Tam Eric S, Chen Edmund C, Nijhawan Navdeep, Harvey John T, Howarth David, Oestreicher James H
St. Michael's Hospital, Department of Ophthalmology, University of Toronto, Toronto, Canada.
Orbit. 2008;27(6):426-31. doi: 10.1080/01676830802344508.
Solitary fibrous tumor (SFT) occurs rarely in the orbit. We present four such cases, representing one of the largest case series reported to date of this rare orbital tumor.
The four patients ranged from ages 20 to 50, all of whom presented with lid swelling or bulging in the involved eye. All four patients underwent CT scan to confirm the diagnosis of an orbital mass, which was then excised.
The tumors of all four specimens contained spindle-shaped cells with bland nuclei and rare mitotic figures. They all stained positively with CD34 and vimentin. Resection margins were positive in two of the four cases. One of these cases demonstrated residual tumor on follow-up CT scan, which remained unchanged at one-year follow-up. No evidence of residual tumor was found in the other three cases, despite one having malignant pathology.

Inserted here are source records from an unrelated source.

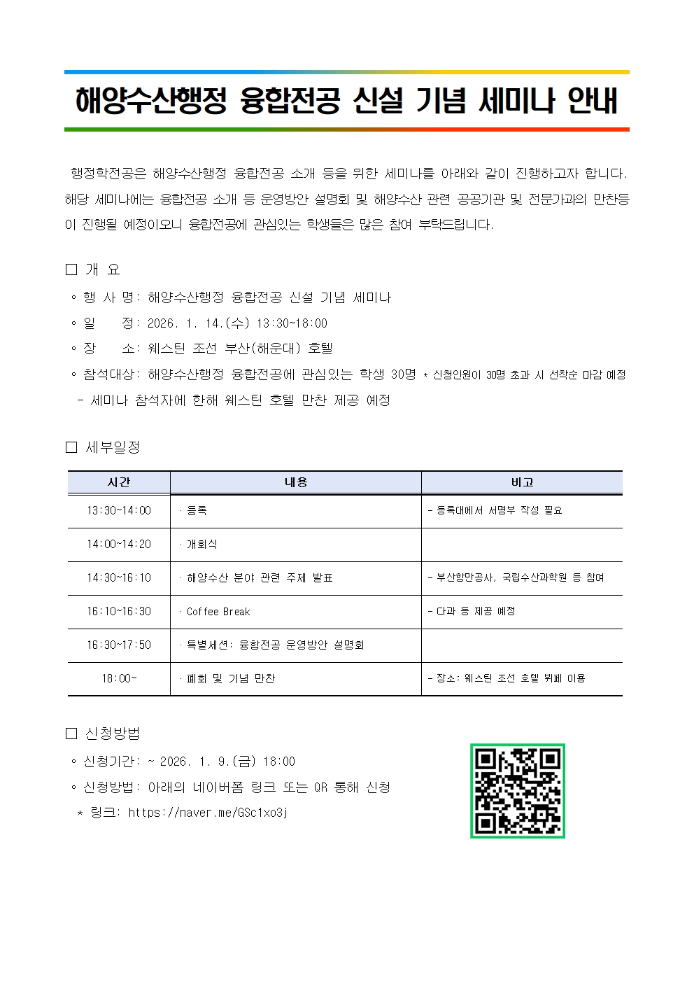해양수산행정 융합전공 신설 기념 세미나 안내
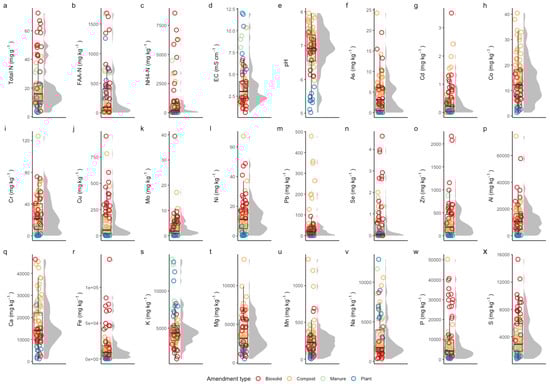 Chemical distribution of plants’ essential nutrients (N, P, K and plant-available form of nitrogen), and total elements derived through chemical analysis from bio-solid (red-color circles), composts (orange-color circles), manure (green-color circles) and plants residues (blue-color circles). y-axis shows the concentration of each element with all units in mg kg−1 except N which is in mg g−1 and the number of each element is shown on the x-axis. (a–x) Different properties of the 85 bio-based fertilizer samples.
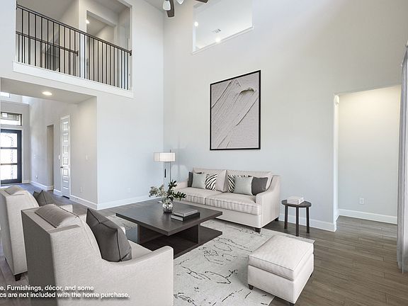 Front porch opens into a two-story entryway with a double front door and grand staircase. French doors enclose the private home office. The utility room is conveniently located off the main hallway. The family room boasts extended ceilings and a wall of windows. The kitchen has an island with built-in seating, 5-burner gas cooktop and a walk-in pantry. The dining area is embraced by a corner wall of windows and allows entrance into the extended covered backyard patio. The primary bedroom boasts three large windows. French doors open into the primary bathroom which hosts dual vanities, a garden tub, glass enclosed shower, and two walk-in closets. Upstairs you are welcomed by a game room and secondary bedrooms. Completing the home is a guest suite tucked beyond the mud room which features a full bathroom. Two-car garage. Representative Images. Features and specifications may vary by community.

SFT is a rare and generally benign tumor of the orbit. Immunohistochemical testing with CD34 is necessary to confirm the diagnosis. Although en bloc tumor resection is the definitive treatment, residual tumor may remain stable for some time. However, this must be followed closely if complete resection is not carried out.
孤立性纤维瘤(SFT)很少发生于眼眶。我们报告4例此类病例,是迄今为止报道的该罕见眼眶肿瘤最大病例系列之一。

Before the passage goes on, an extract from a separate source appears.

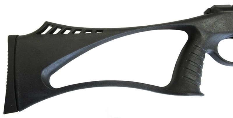 Классическая пружинно-поршневая винтовка до 3 Дж с взведением боевой пружины поворачивающимся в вертикальной плоскости стволом, предназначена для начального обучения стрельбе, а также для развлекательной стрельбы. Пневматическая винтовка оснащена настраиваемым 2х шаговым спусковым механизмом. Ход спускового крючка и усилие спуска имеют заводскую настройку. Ход первого шага может быть настроен с помощью винта спускового механизма. Ложа выполнена из пластика и имеет ортопедический приклад футуристической формы. Пистолетная рукоятка и цевье имеют насечки для более уверенного контроля над винтовкой даже при плохих погодных условиях. Открытые прицельные приспособления с микрометрической регулировкой по горизонтали и вертикали вертикали и светонакопительными элементами, мушка в кожухе. Предусмотрена возможность установки оптического или коллиматорного прицелов с помощью кронштейнов.
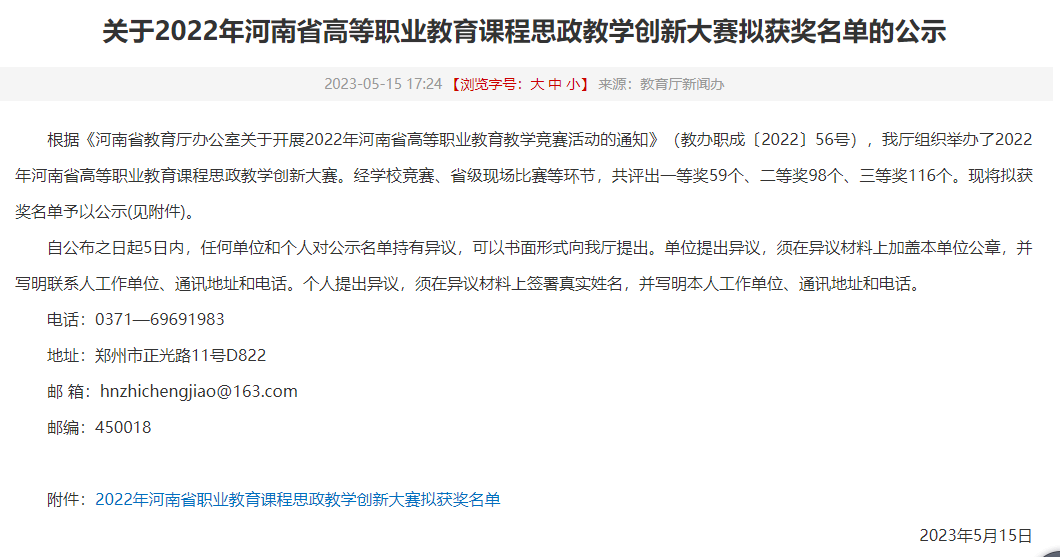 近日,河南省教育厅发布了《关于2022年河南省高等职业教育课程思政教学创新大赛拟获奖名单的公示》名单,世界杯医学影像技术教师赵燕荣获财经农医相关类课程组一等奖,大学英语教师赵楠荣获公共基础课程组三等奖,实现了世界杯在省级教学技能竞赛中新的突破。

4例患者年龄在20至50岁之间,均表现为患眼眼睑肿胀或突出。所有4例患者均接受CT扫描以确诊眼眶肿物,随后肿物被切除。
所有4个标本的肿瘤均含有核温和的梭形细胞,有丝分裂象罕见。它们均对CD34和波形蛋白呈阳性染色。4例中有2例手术切缘阳性。其中1例在随访CT扫描时显示有残留肿瘤,在1年随访中保持不变。另外3例未发现残留肿瘤证据,尽管其中1例病理为恶性。
SFT是一种罕见的眼眶肿瘤,通常为良性。需进行CD34免疫组化检测以确诊。尽管整块肿瘤切除是确定性治疗方法,但残留肿瘤可能在一段时间内保持稳定。然而,如果未进行完整切除,则必须密切随访。